Den blutrünstigen Wettkampf des Reitens nach der lebenden Gans praktizierten
sie, um für das Töten von Menschen in Form zu bleiben. Das öffentliche
Quälen und Töten wehrloser Tiere half mit, aufkommende Skrupel
im Keim zu ersticken. Nur wer die menschlichen Regungen von Mitleid und
Tötungshemmung ganz überwunden hatte, konnte der gequälten,
flatternden, ängstlich schreienden Gans mit bloßer Faust den
Kopf abreißen.
Die meisten Bochumer Bürger reagieren heute mit Ekel und Unverständnis,
wenn sie zum ersten Mal vom Gänsereiten hören. Kaum jemand mag
glauben, daß solche Rohheiten in einer westdeutschen Großstadt
noch heute als Brauchtum gepflegt werden.
Um so empörender ist es, dass auch einige Priester, Politiker und
Gewerkschafter zu den Gänsereitern zählen.

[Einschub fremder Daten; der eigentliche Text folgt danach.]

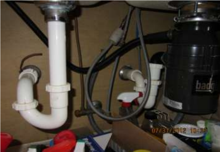
Kitchen Sink Plumbing PVC Drain Lines & CPVC Supply Lines
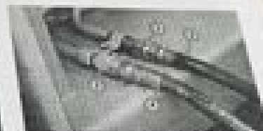
Fig. 26 - Connecting Hydraulic Hoses
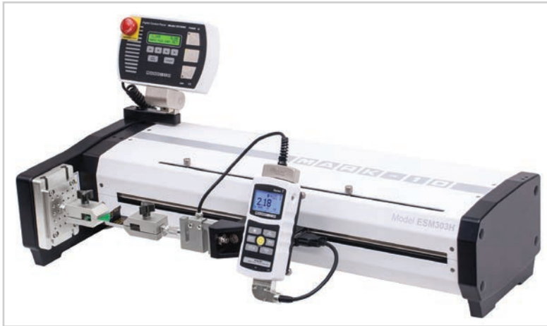
^ ESM303H is shown above configured for a peel test, with a Model M7i indicator, Series R01 load cell, and G1008 film and paper grips.

The ESM303H is a highly configurable horizontal force tester for tension and compression measurement applications up to 300 lbF [1.5 kN], with a rugged design suitable for laboratory and production environments. Sample setup and fine positioning are a breeze with available FollowMe™ force-based positioning - using your hand as your guide, push and pull on the load cell to move the crosshead at a variable rate of speed.
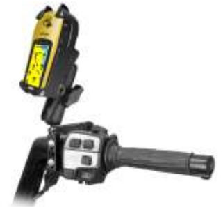
RAM-B-174-GA16 RAM BRAKE/CLUTCH RESERVOIR FOR THE GARMIN ETRIX COLOR
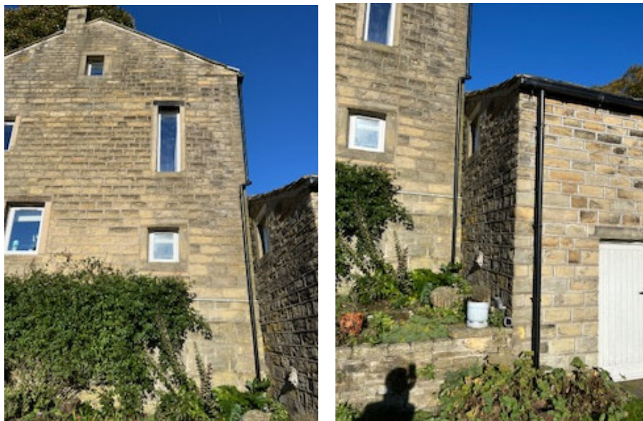
View of Southeast elevation and location of the proposed new timber deck. The window to the bottom right is the proposed window to be enlarged into a door opening.

The site is located within the shared grounds of a former farm called New Hagg Farm. The original house is grade II listed and during the 1970s was converted into three houses. The Barn was converted into a house in 1990. The Barn is located to the rear of the main house on a sloping south facing site.

Natürlich sollten Sie aus Anlaß des Gänsereitens vor Ort
sein, jedoch um die Zuschauer und Gänsereiter wieder auf den Pfad
der Tugend zu bringen. Anstatt mit dem Mob bei dieser Leichenfledderei
zu grölen, sollten sie den anwesenden Kindern einen rücksichtsvollen
Umgang mit Schwächeren und Wehrlosen vorleben.
- Gerne wettern die Politiker bei allen möglichen Gelegenheiten gegen
den Rechtsradikalismus, wenn es aber dann darum geht, sich wirklich
von den zahlreich beim gewaltverherrlichenden Gänserreiten in Höntrop
anwesenden Nazis und dem braunen Umfeld zu distanzieren, fehlt
es wie so oft an Konsequenz.
Also Probst Neumann, Oberbürgermeister Stüber sowie Gewerkschafter
und Bundestagsabgeordneter Klaus Hasenfratz am richtigen Ort seid ihr
beim Gänsereiten, ihr steht jedoch auf der falschen Seite.